Math. and history require facts. There was one perfectly thrilling
experience with fish. You know fish distinguish colours, one from the
other, and are guided by colour sense rather than a sense of smell. We
had red sticks and green sticks and blue sticks in a tank of fish, and
for days we put the fish food on the green sticks and the fish would
swim right over to get it, and then we put it on the red sticks and
they still swam over to the green sticks and waited round--so it was
recognizing colour and not the food. And a lot of things like that."
Steve laughed. "I hope the fish wised up in time."
Beatrice looked at him disapprovingly. "If you had gone to college it
might have made a great difference," she said.
"Possibly," he admitted; "but I'll let the rest of the boys wait on
the fishes. Did you go to domestic science this morning?"
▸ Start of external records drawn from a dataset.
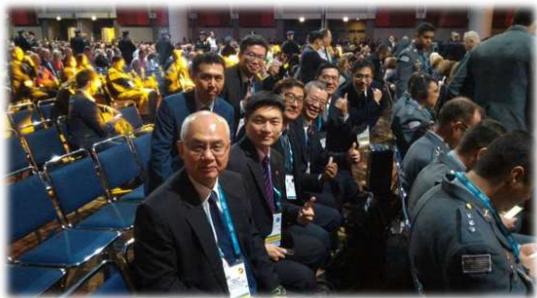
照片 11: IACP 會場-3 (台灣代表團)

芝加哥市長和芝加哥警察總局長是會場東道主，也是受邀在開幕中致詞的貴賓。Lori Lightfoot 以市長身分談到治安時說，城市安全靠的是團隊，非一人之力所能完成，她強調社區警政中的夥伴關係，重申 1829 年英國皮爾爵士所說「警即是民、民即是警」的哲學。
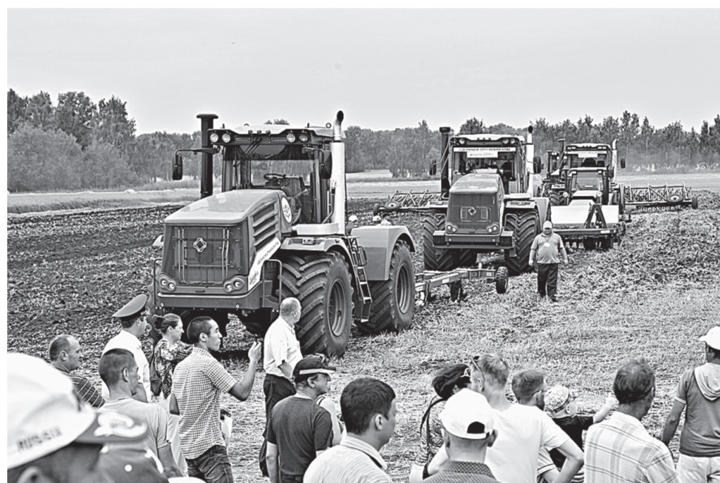
Демонстрационные показы техники в работе вызвали большой интерес.

– Мы решаем ряд важных задач: наращиваем объемы производства продовольствия для страны, выполняем программы по импортозамещению, в первую очередь в отрасли сельхозмашиностроения, – сказал он. – Я с особой благодарностью говорю о том, что мы получаем поддержку аграрного сектора не только по программе развития сельского хозяйства, но и по программам поддержки промышленности России. Каждый пятнадцатый рубль, который государство направляет в аграрное машиностроение, получает Алтайский край. Это служит дополнительным импульсом для нашей исторически значимой отрасли.
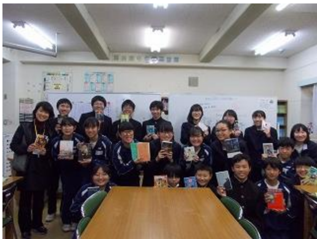
酒井根中学校の図書委員会は、各クラス

からひとりずつ選ばれた21名で活動しています。「本が好きで好きでたまらないから。」「本はあまり読まないけど、学校図書館が好きだから。」など立候補した理由は様々です。
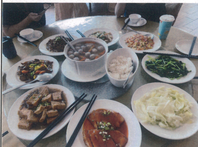
范特奇堡學生畢旅餐點勘驗
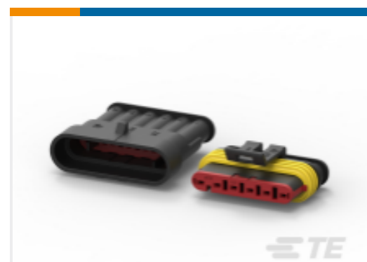
TE 产品编号282104-1 AMP SUPERSEAL 1.5MM, 连接器壳体
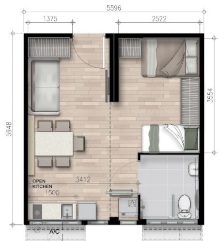
5-6人單位/無障礙單位
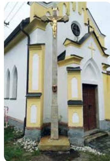
Křížek v Onšovicích po opravě.
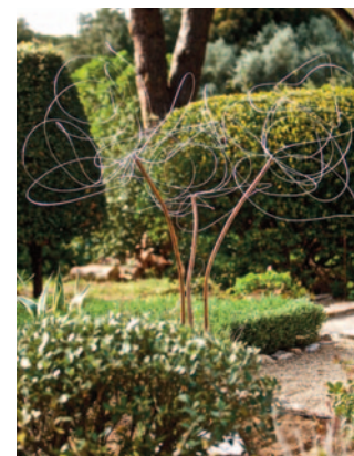
Мари-Нозель де ла Пуа Фотосинтез
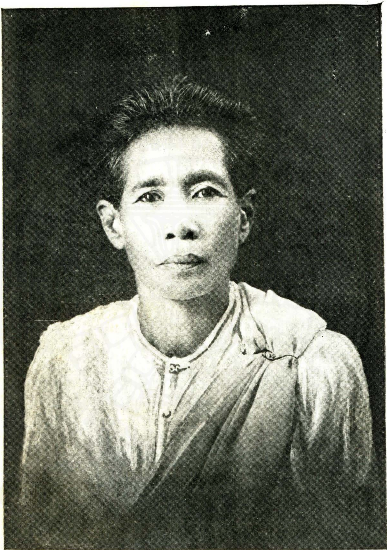
นางชนราชพินิจชัย ชวตศ พ.ศ. ๒๔๑๕ มรณะ พ.ศ. ๒๔๓๘
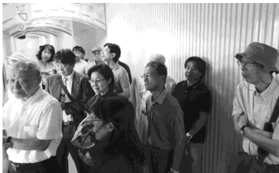
写真12：製造工程に見入る参加者

観光部の方が工場案内に付いてくれたが、実は工場のせんべい焼き工程は朝7時に始まるので、私たちが訪れた14時頃にはほとんど最後の工程だけになっていた。働いている人たちの姿が見えなかったのは残念であったが、おせんべいの種類ごとに製造機械があり、昭和から現役で活躍する焼き釜、炒り機、気球の上部をひっくり返したような味付け機までさまざまな機械が次々と現れた。メンテナンスもさぞ大変であろうと思う。一行から多様な質問が飛び出し、案内役の女性を驚かせたが、ベテランの彼女はどの質問にも応じてくれたので、一行はただでさえ時間のかかる長い廊下をゆるゆると進んでいった。ちょうど焼成工程にくると、お待ちかね?の試食せんべいが用意されていた。焼きたてとのことで、初めて食すオランダせんべいのおいしさに驚いた。これが酒田市民のソウル・フードである。
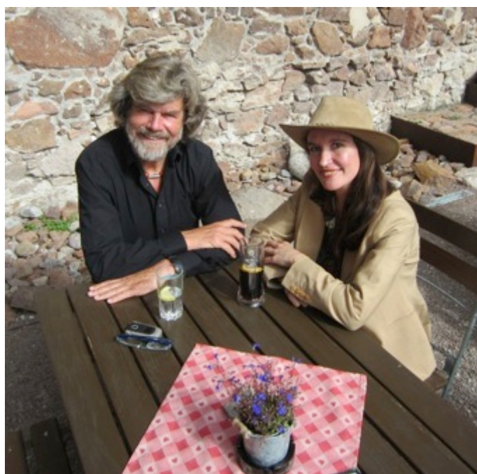
Figura 4 - Reinhold Messner y Constanza Ceruti en el MMM

Los Museos de Montaña fundados por Messner abordan respectivamente la escalada en roca, las culturas de los pueblos de altura, la mitología, el montañismo y las exploraciones en el hielo. Dichos establecimientos museísticos se articulan en forma armónica con el paisaje de las Dolomitas y los Alpes Orientales, contribuyendo a la educación patrimonial de la comunidad y al desarrollo sustentable de Sud Tirol a través de la promoción del turismo y el apoyo a los emprendimientos locales. Messner no ha dudado en caracterizar al proyecto como su “ quinceavo ochomil ”, manifestando que le ha dedicado gran parte de sus esfuerzos y recursos en los últimos años (Figura 4).
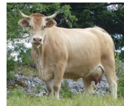
La Villarde, perle du Vercors

D'ailleurs, on les appelle toutes par leur prénom, c'est vous dire si on les bichonne !
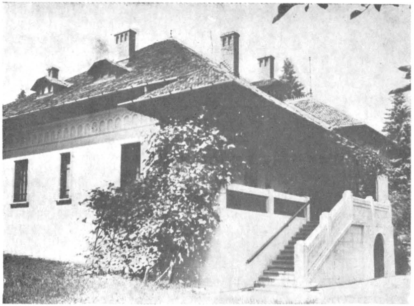
Muzeul memorial „Mihail Sadoveanu” de la Vinători-Neamț, județul Neamț
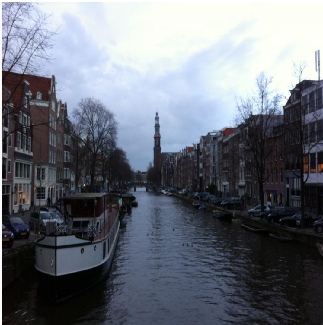
Ámsterdam, junio de 2014

Uno de mis objetivos era visitar galerías relativamente escondidas y espacios de producción creativa y teórica donde no solamente este autor había expuesto o del que se había archivado material, sino también donde se produce actualmente obra interdisciplinaria, con énfasis en prácticas audiovisuales contemporáneas y acercamientos a temas como el postdigitalismo, una perspectiva que, dentro o fuera
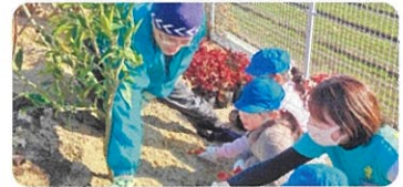
学校等緑化(久留米市) 園庭の緑化
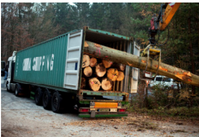
Buchen aus dem Spessart für den Export nach China

Ungefähr jede zweite Buche, die aus Deutschland exportiert wird, landet in China. 2 Ein Teil der dort gefertigten Holzprodukte wird dann wieder nach Deutschland zurück importiert.
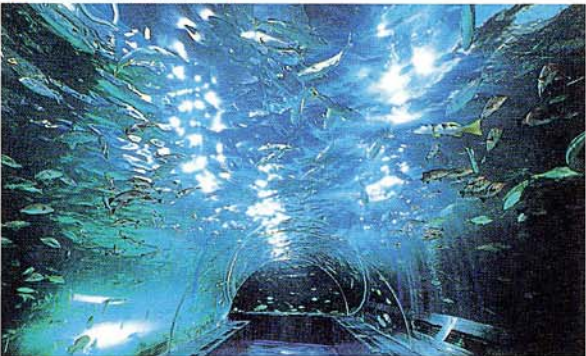
海の散歩道(トンネル水槽)

水族館営業時間 AM10:00~PM5:00(入館はPM4:30まで) 休館日 毎週火曜日(当日が祝祭日の場合は翌平日) 電話 03-3762-3431
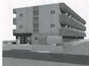
24時間体制で介護・看護サービスが提供できる

大 和ハウスグループで賃貸住宅事業を手がける大和リビング株式会社は、東京都八王子市に同社14カ所めとなるサービス付き高齢者向け住宅「D'Essaめじろ台」を10月1日に開設する。 場所は、JR中央線「西八王子」駅「高尾」駅よりバスで約6分、「陵南中学校」西郵便局入口「停留所下車徒歩3分」に位置。建物は地上3階建て・30戸の規模で、住戸面積は19.00～25.00㎡。25㎡の住戸にはミニキッチンも備える。 運営および生活支援サービスの提供は八王子保健生活協同組合で、1階には同組合が運営する定期巡回・随時対応型訪問介護看護事業所（連携型サテライト）、および通所介護事業所が入る。 月額費用は賃料、共益費、生活支援サービス費、食費（1日3食×30日換算）で15万0600～17万0600円。
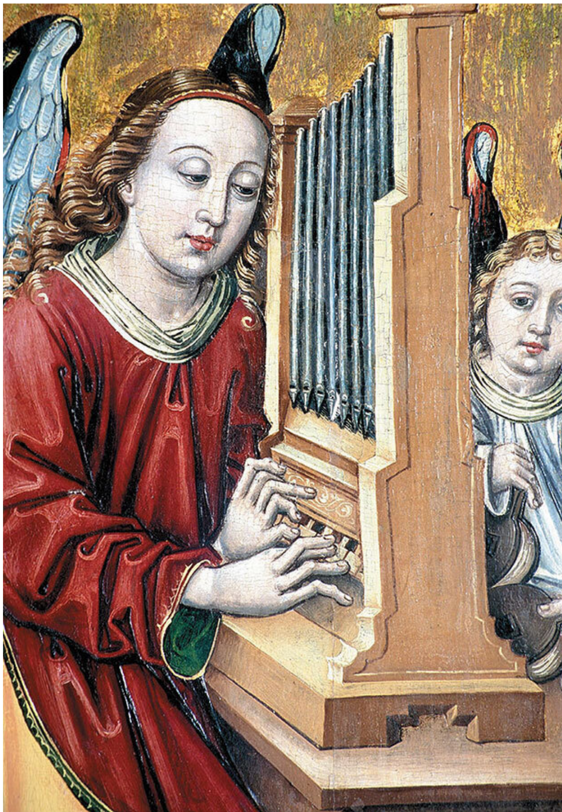
Мастера Чегёльда. Музыцирующий ангел. XV в. Венгрия, Эстергом, Музей христианского искусства

Никто и не помышлял об экзистенциальном разрыве, пока научные открытия и утопии XX века не развеяли веру в непрерывный и необратимый прогресс. Стало очевидно, что наука сама по себе не способна не только осчастливить человека, но даже дать ему самое насущное
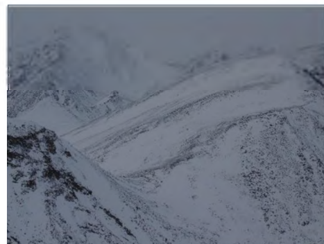
Вид на в. Железногорск
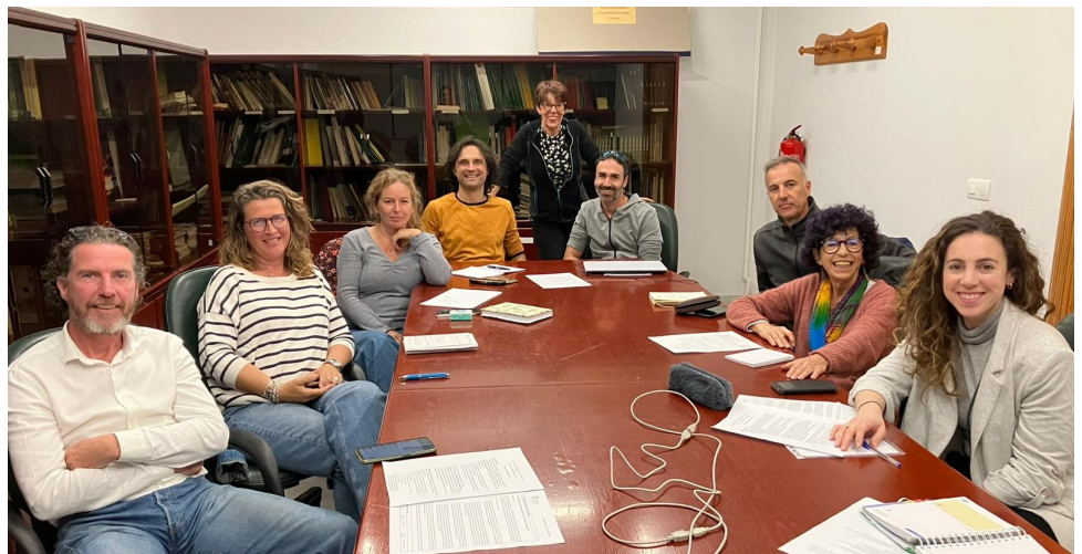
Empresas de la asoci. Foro CETS Sierra Nevada

Para su organización se ha creado un grupo de trabajo constituido por empresas de la CETS con la participación del Espacio Natural de Sierra Nevada.
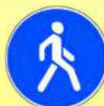
4.5.1 «Пешеходная дорожка»
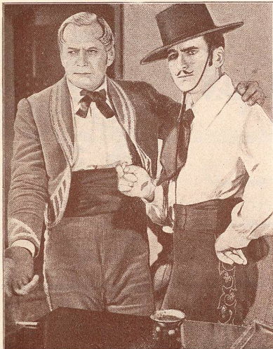
DOUGLAS FAIRBANKS dans Don X Zorro père. Production United Artists.
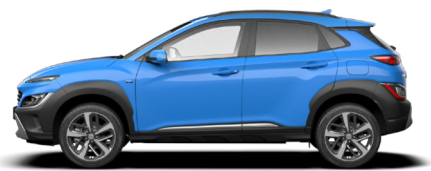
Surfy Blue Metallic Kontrastdach verfügbar
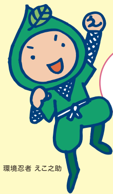
環境忍者 えこ之助

"Yes, it was omelet. Mine was like leather. The gas stove makes my
head ache. But we are going to have a Roman pageant to close the
season--all about a Roman matron, and that will be lots of fun."
"You eat too much candy; that is what makes your head ache," he
corrected.
She pretended not to hear him. "It is time to dress."
"Don't say there's a party to-night," he begged.
"Of course there is, and you know it. The Homers are giving a dinner
for their daughter. Everyone is to wear their costumes wrong side out.